High-Performance AI Inference Accelerator with Shared Scaling

1. General Description

The OCP MXFP8 Streaming MAC Unit is a high-performance, area-optimized arithmetic core designed for next-generation AI inference acceleration. Fully compliant with the OpenCompute (OCP) Microscaling Formats (MX) Specification v1.0, the unit supports a comprehensive suite of sub-8-bit floating-point and integer formats.
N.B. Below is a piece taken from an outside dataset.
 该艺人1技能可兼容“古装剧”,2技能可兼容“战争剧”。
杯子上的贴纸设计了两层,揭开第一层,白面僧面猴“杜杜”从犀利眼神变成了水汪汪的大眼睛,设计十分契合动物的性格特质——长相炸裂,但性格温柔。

Featuring hardware-accelerated shared scaling and an area-efficient logarithmic multiplier path, the core is optimized for deployment in resource-constrained edge devices and large-scale AI accelerators alike. The “Full” edition provides a 2x2 tile configuration (Tiny Tapeout) with dual-lane processing capabilities.

2. Features

  • OCP MX Compliance: Full support for OCP Microscaling Formats v1.0.

  • Multi-Format Support:

    • FP8 (E4M3, E5M2)

    • FP6 (E3M2, E2M3)

    • FP4 (E2M1)

    • INT8 / INT8_SYM

  • High-Precision Datapath:

    • 40-bit internal aligner for high-dynamic range support.

    • 32-bit signed fixed-point accumulator.
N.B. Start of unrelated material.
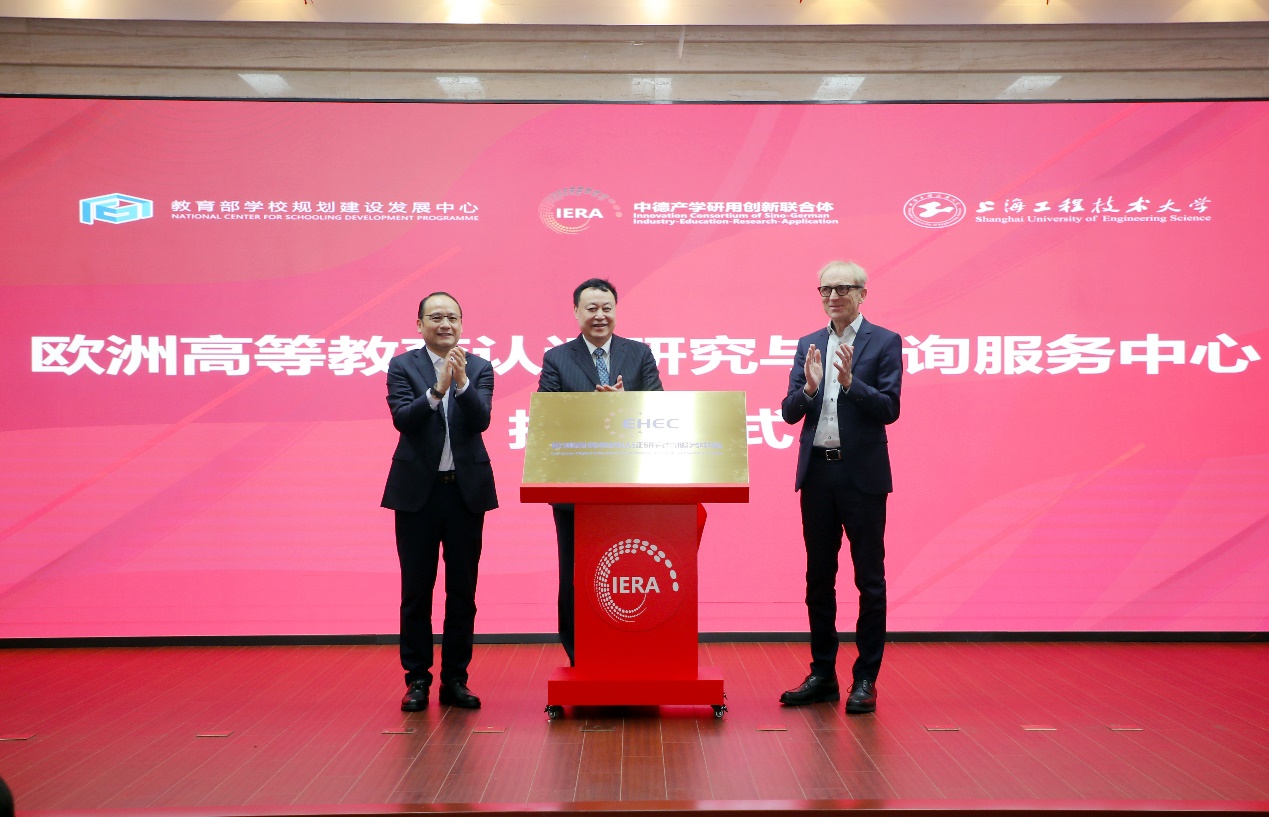 上海工程技术大学校长俞涛,安徽大学党委书记蔡敬民,ASIIN高等教育认证委员会副主席、慕尼黑应用科技大学副校长Pro.Dr.Klaus Kreulich共同为欧洲高等教育认证研究与咨询服务中心揭牌。中心将面向中国高校在国际专业认证方面提供咨询与指导、师生培训、认证专家库的建立等服务。会上,中德产学研用创新联合体秘书处发布了《中国高校专业国际认证行动计划(50计划)》。

  • Vector Packing: 2x throughput for 4-bit formats (FP4) via dual-lane streaming.

  • Hardware Scaling: Automatic UE8M0 shared exponent application (\(2^{E-127}\)).

  • Flexible Rounding: Supports RNE (Round-to-Nearest-Even), TRN, CEL, and FLR.

  • MX+ Extensions: Extended mantissa for “Block Max” outliers to improve accuracy.

  • LNS Mode: Integrated Mitchell’s Approximation for area-optimized multiplication.

  • Logic Analyzer Mode: 14 selectable internal probes for real-time silicon monitoring.

  • Mixed Precision: Independent format selection for Operand A and Operand B.

3. Applications

  • Mobile and Edge AI Inference.

  • Deep Learning Accelerator (DLA) sub-modules.

  • Convolutional Neural Network (CNN) hardware acceleration.

  • Quantized Large Language Model (LLM) execution.

  • Low-power DSP for IoT and wearables.

4. Functional Block Diagram

The unit follows a pipelined architecture consisting of a dual-lane multiplier, a high-dynamic range aligner, and a 32-bit accumulator.

System Context Diagram


5. Pin Configuration and Functions

The unit utilizes an 8-bit streaming interface to minimize pin count while maintaining high throughput.

Pin

Name

Type

Description

ui_in[7:0]

DATA_A

I

Operand A elements, Scale A, or Metadata 0.

uio_in[7:0]

DATA_B

I

Operand B elements, Scale B, or Metadata 1.

uo_out[7:0]

RESULT

O

Serialized 32-bit result or Debug Probe data.

uio_out[7:0]

RESERVED

O

Driven to 0x00 (Configured as Inputs via uio_oe).

clk

CLK

I

System Clock (Target: 20MHz).

rst_n

RESET_N

I

Active-low asynchronous reset.

ena

ENA

I

Clock Enable.


6. Detailed Description

6.1 Operational Modes

The MAC unit supports several specialized modes to balance throughput, area, and precision.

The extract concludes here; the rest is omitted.